━━━━━ DATA EXTRACT

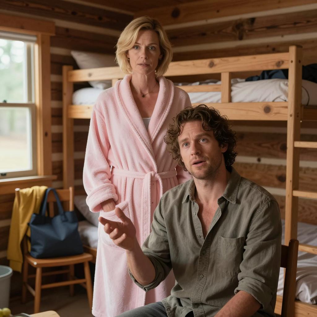 Photograph of a man and woman standing in a brightly lit boutique. Man with curly brown hair, black button-up shirt, neutral expression. Woman with short blonde hair, purple floral blouse, surprised expression. Red dress on mannequin to their left. Pink walls, mirrored background, various clothing items.
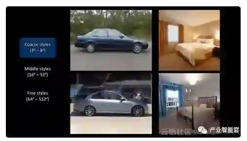 ·中间样式分辨率(分辨率162−322) — 较小比例的面部特征,如:发型样式的细节、眼睛;
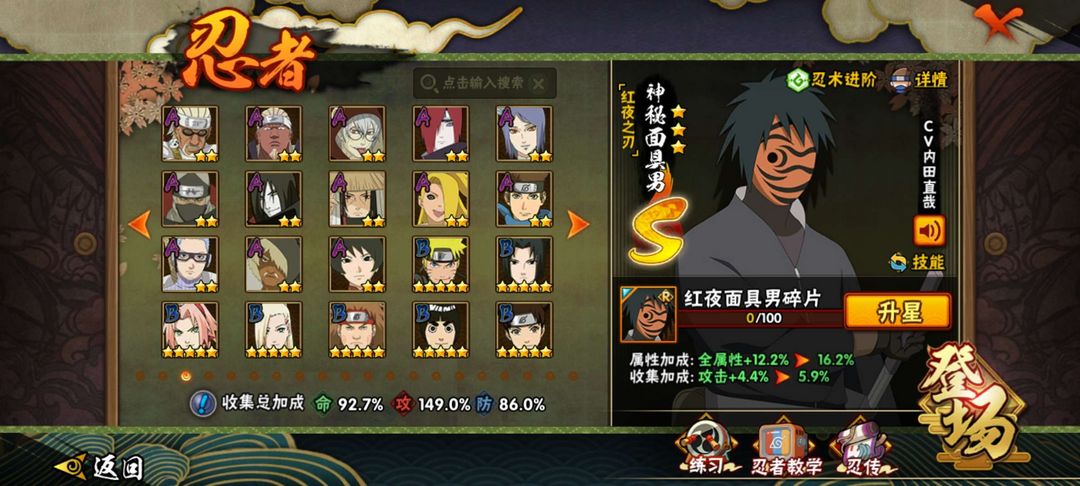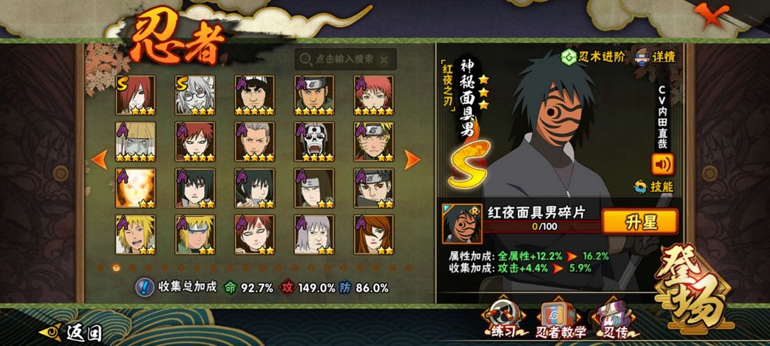 红夜带土 新春水门 破面带土 骨架 须佐佐助 仙人自来也 高胜率v10
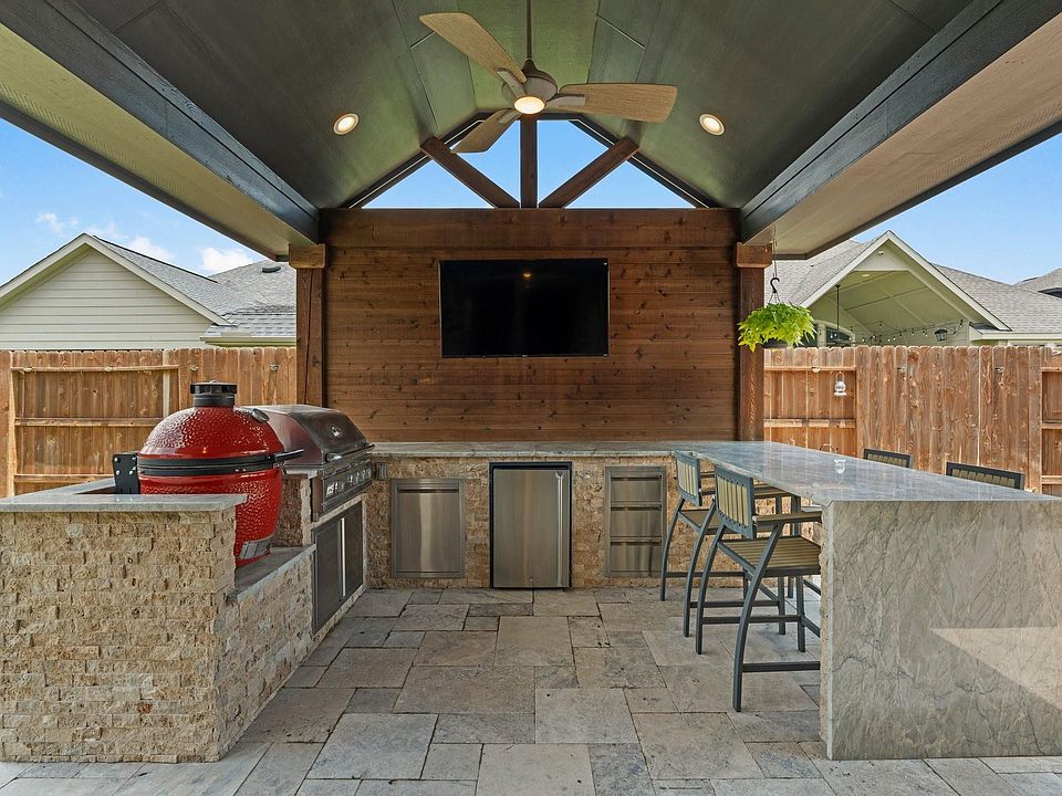 Outdoor kitchenGas grillWood floorsSpacious backyard retreatQuartz waterfall countertopsCovered patioThoughtfully designed layout
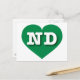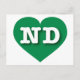 This postcard features a vibrant green heart containing the bold, white, upper case letters ND, the official abbreviation for North Dakota, the peace garden state. The reverse side of the card is blank, awaiting your handwritten sentiments or personalised text.
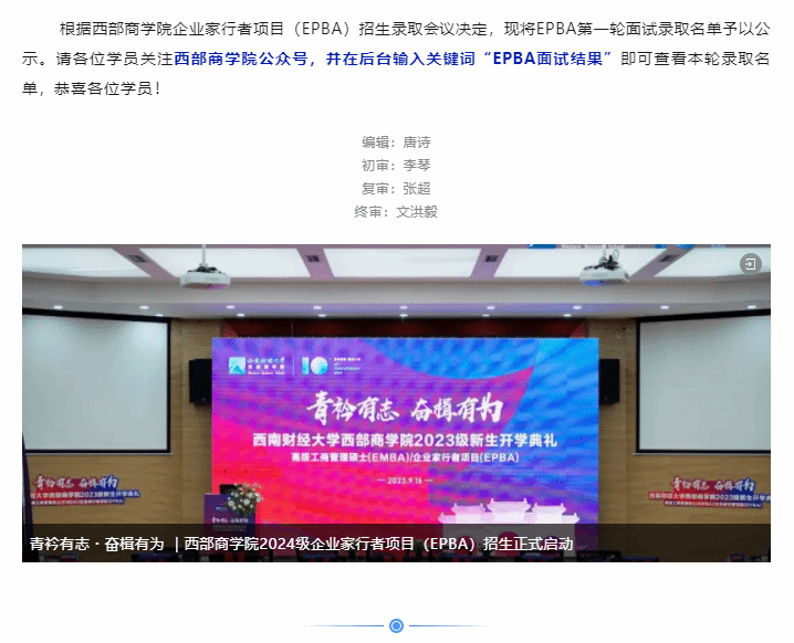 恭喜录取|国产偷拍 2024级企业家行者项目(EPBA)第一轮面试结果公示
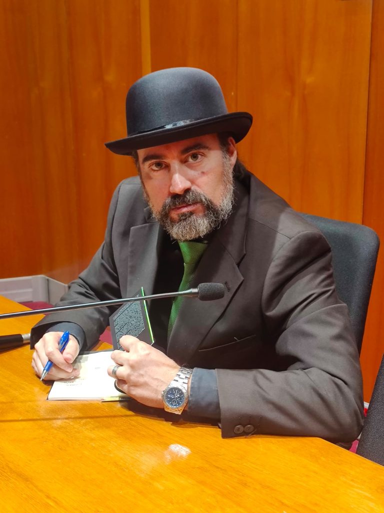 Mr. BOINAS, FIRMANDO UN EJEMPLAR, CON MI PERMISO, EL DÍA DE LA PRESENTACIÓN.
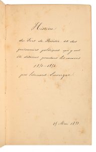 basane noire. TEMOIGNAGE INEDIT SUR LES DETENUS POLITIQUES AU FORT DE BICETRé, APRES LE COUP D'ÉTAT DU 2 DÉCEMBRE. Ce récit a été entrepris afin de dénoncer "les bruits odieux et calomnies répandus à cette époque dans le but d'exciter les passions des partis en faveur des détenus”. Parfaitement lisible, et dans une prose correcte, il semble être l'reuvre d'un officier du 37e de ligne de service dans le fort, et ayant accès à des documents intéressants qu'il cite in extenso : discours, certificats, lettres, rapport au Prince-Président du général de GOYON [commissaire extraordinaire du gouvernement pour les prisonniers politiques], etc. Il se compose d'une Préface et de 38 chapitres : les forts parisiens, récit du 2 Décembre, l'hospice de Bicêtre, transfert des prisonniers politiques, organisation du fort en prison, vie quotidienne des détenus, listes, etc. L'auteur conclut : "Tout ce que nous pouvons souhaiter, c'est que le Gouvernement de S.M. Impériale continue d'étendre sa sollicitude sur ces malheureux, et qu'éclairé par une plume indépendante et ferme, il opère dans notre région pénitentiaire, une réforme devenue nécessaire par l'exigence même de l'avenir de la société tout entière”.
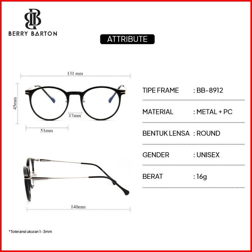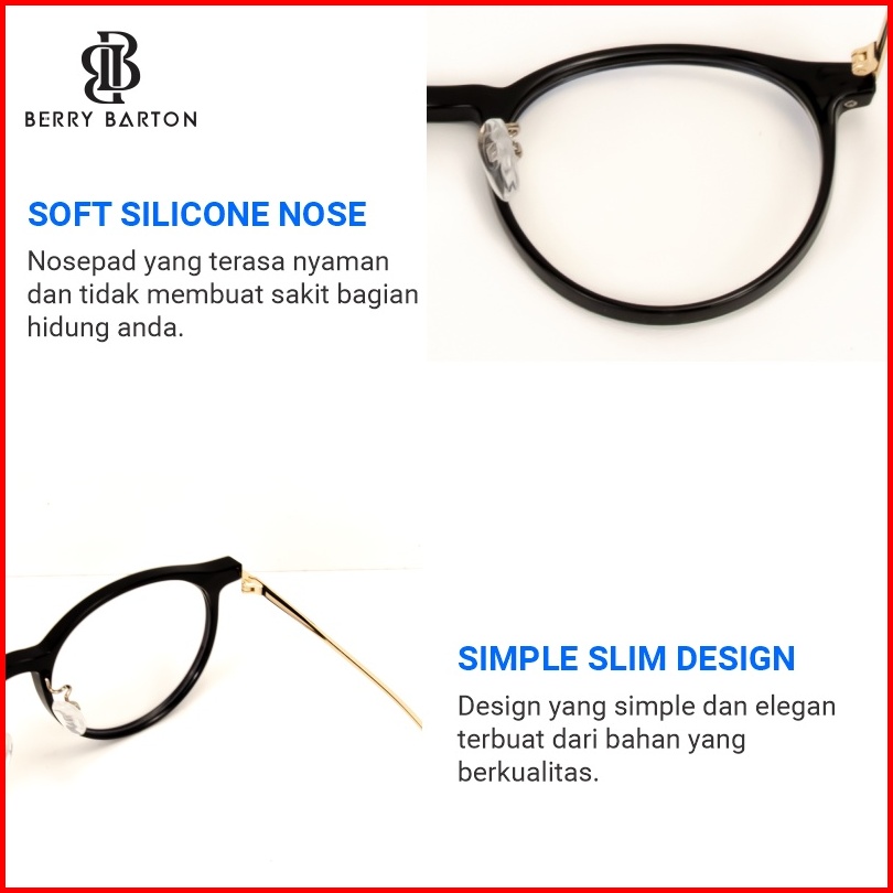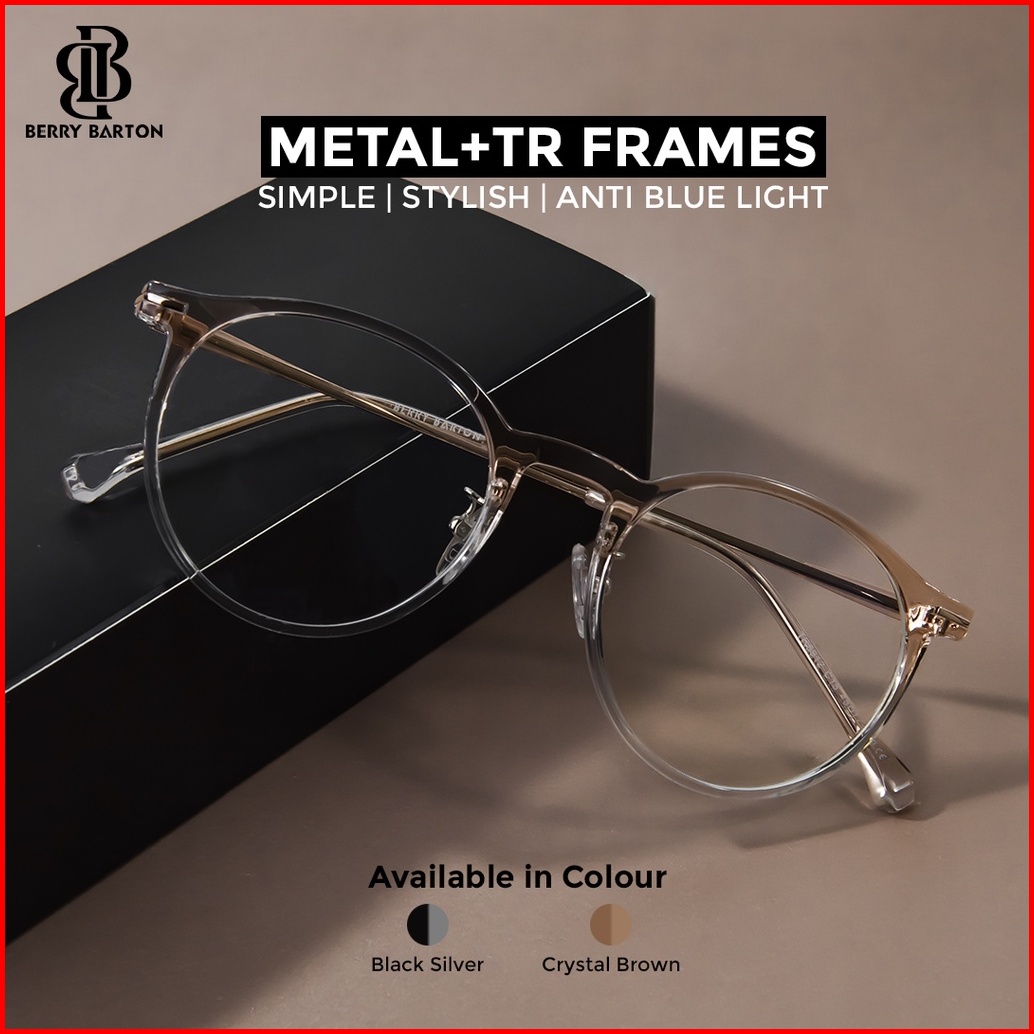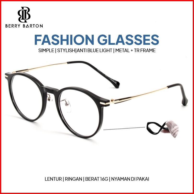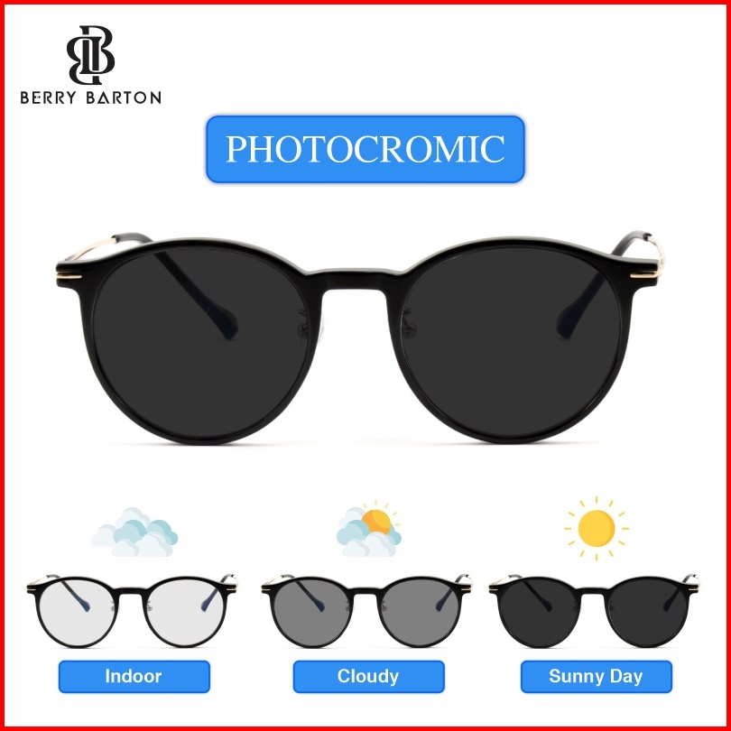 Berrybarton Kacamata Bulat Metal Pc Anti Radiasi Blueray Photocromic Pria Wanita 8912

━━━━━━━━━━

## [PROBLEM DESCRIPTION]
Restate the data above verbatim, skipping every image.

## [SOLUTION TO THE PROBLEM]
 Photograph of a man and woman standing in a brightly lit boutique. Man with curly brown hair, black button-up shirt, neutral expression. Woman with short blonde hair, purple floral blouse, surprised expression. Red dress on mannequin to their left. Pink walls, mirrored background, various clothing items.
 ·中间样式分辨率(分辨率162−322) — 较小比例的面部特征,如:发型样式的细节、眼睛;
 红夜带土 新春水门 破面带土 骨架 须佐佐助 仙人自来也 高胜率v10
 Outdoor kitchenGas grillWood floorsSpacious backyard retreatQuartz waterfall countertopsCovered patioThoughtfully designed layout
 This postcard features a vibrant green heart containing the bold, white, upper case letters ND, the official abbreviation for North Dakota, the peace garden state. The reverse side of the card is blank, awaiting your handwritten sentiments or personalised text.
 恭喜录取|国产偷拍 2024级企业家行者项目(EPBA)第一轮面试结果公示
 Mr. BOINAS, FIRMANDO UN EJEMPLAR, CON MI PERMISO, EL DÍA DE LA PRESENTACIÓN.
 basane noire. TEMOIGNAGE INEDIT SUR LES DETENUS POLITIQUES AU FORT DE BICETRé, APRES LE COUP D'ÉTAT DU 2 DÉCEMBRE. Ce récit a été entrepris afin de dénoncer "les bruits odieux et calomnies répandus à cette époque dans le but d'exciter les passions des partis en faveur des détenus”. Parfaitement lisible, et dans une prose correcte, il semble être l'reuvre d'un officier du 37e de ligne de service dans le fort, et ayant accès à des documents intéressants qu'il cite in extenso : discours, certificats, lettres, rapport au Prince-Président du général de GOYON [commissaire extraordinaire du gouvernement pour les prisonniers politiques], etc. Il se compose d'une Préface et de 38 chapitres : les forts parisiens, récit du 2 Décembre, l'hospice de Bicêtre, transfert des prisonniers politiques, organisation du fort en prison, vie quotidienne des détenus, listes, etc. L'auteur conclut : "Tout ce que nous pouvons souhaiter, c'est que le Gouvernement de S.M. Impériale continue d'étendre sa sollicitude sur ces malheureux, et qu'éclairé par une plume indépendante et ferme, il opère dans notre région pénitentiaire, une réforme devenue nécessaire par l'exigence même de l'avenir de la société tout entière”.
 Berrybarton Kacamata Bulat Metal Pc Anti Radiasi Blueray Photocromic Pria Wanita 8912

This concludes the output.